Quantification of DC Numbers and Statistical Analysis

IF images were acquired with a confocal microscope (Olympus FV 1000 confocal laser scanning microscope). Four randomly selected pictures were taken for each sample under 20X magnification and the average number of positive cells in these 4 pictures was used in the analysis. Labeled cells were counted by an investigator twice in a blinded fashion and the mean value was used. When calculating cDC2/cDC1 ratio, we used the mean number of cDC2 and cDC1 for each sample. When cDC1 number was 0, we used 1 instead of 0 in calculating cDC1/cDC1 ratio as it would otherwise be infinite. The number of cells was expressed per high power field. In quantifying the number of cells in the intra-glomerular region, 4 randomly selected glomeruli were taken from each sample and the average number of cells inside these 4 glomeruli was calculated. Image J manual cell counting and marking tool was used to record positive cells.

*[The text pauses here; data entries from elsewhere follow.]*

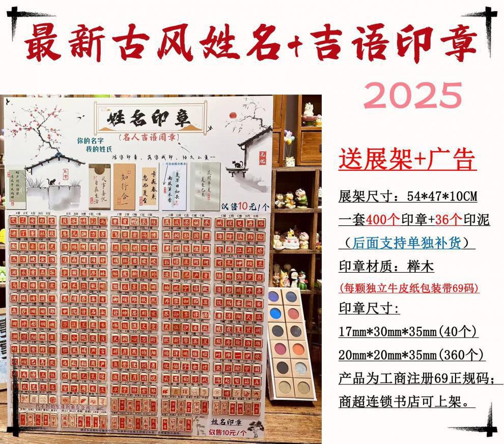 颜色 姓名吉语印章拍400送印泥36+展示架,单补印章20个起拿/包邮,单补印泥50个起拿包邮
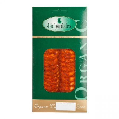 Made from the meat of a herd of pigs that range freely in a farm in the east of La Rioja, eating grasses and nuts, supplemented, where necessary with organic cereals. This cured chorizo is simply seasoned with salt, black pepper and mild paprika, allowing the clean flavour of the organic meat to come clearly through.
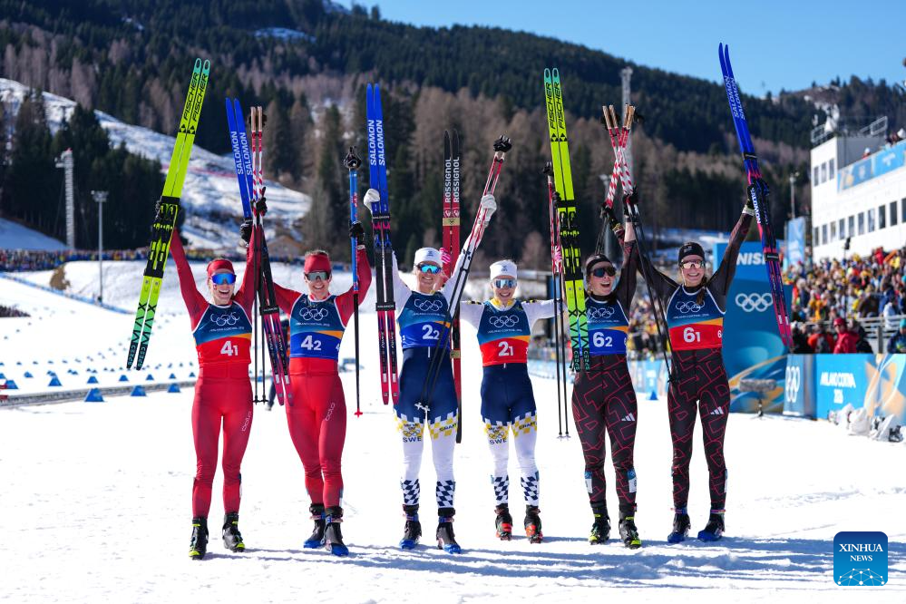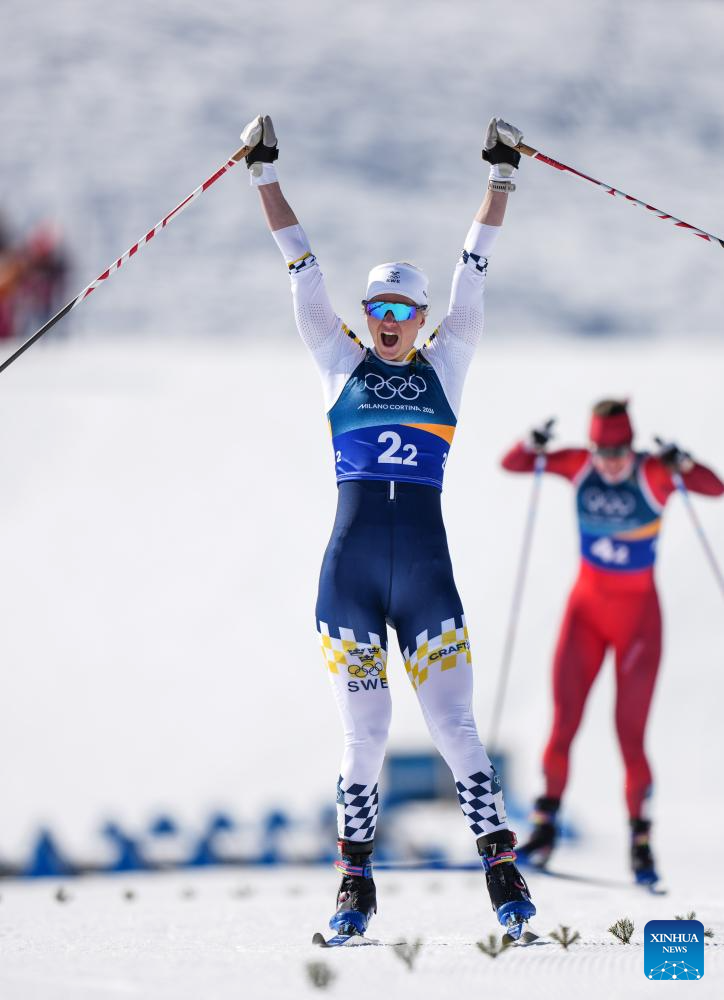TESERO, Italy, Feb. 18 (Xinhua) -- Johannes Hoesflot Klaebo extended his Olympic gold medal record to 10 as Norway secured the men's team sprint title at Milan-Cortina on Wednesday, while Sweden claimed the women's title.
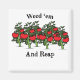 Tomatoes are a staple for most every gardener and none of us can wait for those juicy red fruits. Fun graphic design with a row of tomato plants surrounded by the play on words Weed 'em And Reap.
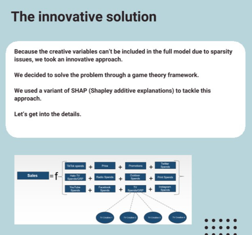 Ridhima Kumar from Aryma Labs recently shared their approach for adding granularity to MMM by using a variation Shapley Additive Explanations (click for details of their approach). This is an alternative so the probably most usual approach of running a multivariate regression with detailed marketing inputs that explains the overall variable that lacks granularity. Of course the best way to solve the granularity problem in MMM is to collect more data (store-level, region-level…) but that is not always possible. Great to see innovative approaches to extract the most information out of a limited dataset.
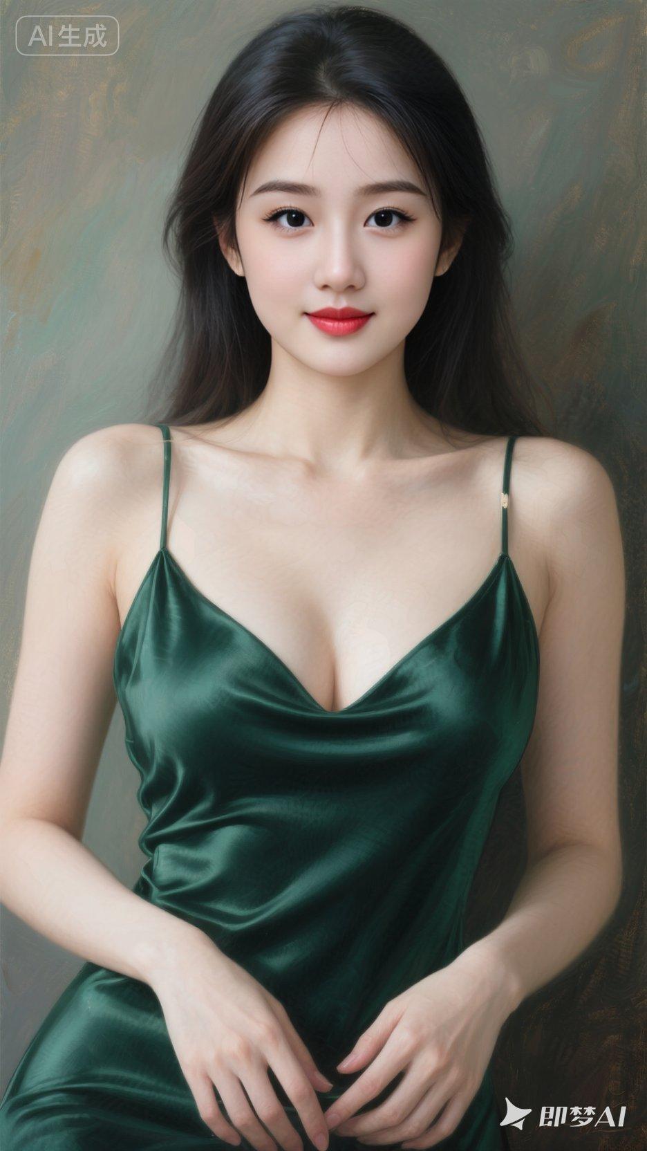 一位东亚风格的年轻女性,有着一头自然垂落的深棕色长发,发丝柔顺且有轻微的蓬松感。

Statistical analysis was performed using SPSS version 26. All analyses were 2 tailed and P<0.05 was considered statistically significant. When there was multiple comparisons to the control group (5), Bonferroni adjustment was made and P<0.01 was considered statistically significant. Continuous variables were presented as median with interquartile range (IQR). The distributions between groups were compared using Mann-Whitney U-test or Kruskal Wallis tests as appropriate. The strength of association was quantified using Spearman rank correlation. Kaplan-Meier time-to-event curves with log-rank test were used for outcome analysis.

Results

Patient’s Baseline Characteristics

The baseline characteristics of patients in control and disease cohorts are summarized in Table 2. A total of 135 patients were included in the study. A wide range of kidney diseases were analyzed including non-glomerular diseases [ATN (22), AIN(10)], proliferative GN [IgA nephropathy (44), lupus nephritis (12), pauci-immune GN (12), anti-GBM disease (4)], non-proliferative GN [MCD (5), membranous nephropathy (5)] and diabetic nephropathy (21). There were more females in the lupus nephritis group and their age tended to be younger compared with other kidney diseases, which is consistent with literature (12). Patients with pauci-immune GN and anti-GBM disease had the lowest eGFR. The proteinuria level was the highest in MCD and membranous nephropathy.

TABLE 2

Table 2 Baseline characteristics.

Number and Location of DCs in Control and Disease

cDC1s were rarely present in normal kidneys (Figure 1) and cDC2 numbers were approximately 7 times the number of cDC1.

FIGURE 1

Figure 1 Normal kidney cDC1, cDC2 and CD8⁺ T cells. DCs were rarely present in normal kidneys and cDC2 numbers were approximately 7 times the number of cDC1. (Bar = 100 μm).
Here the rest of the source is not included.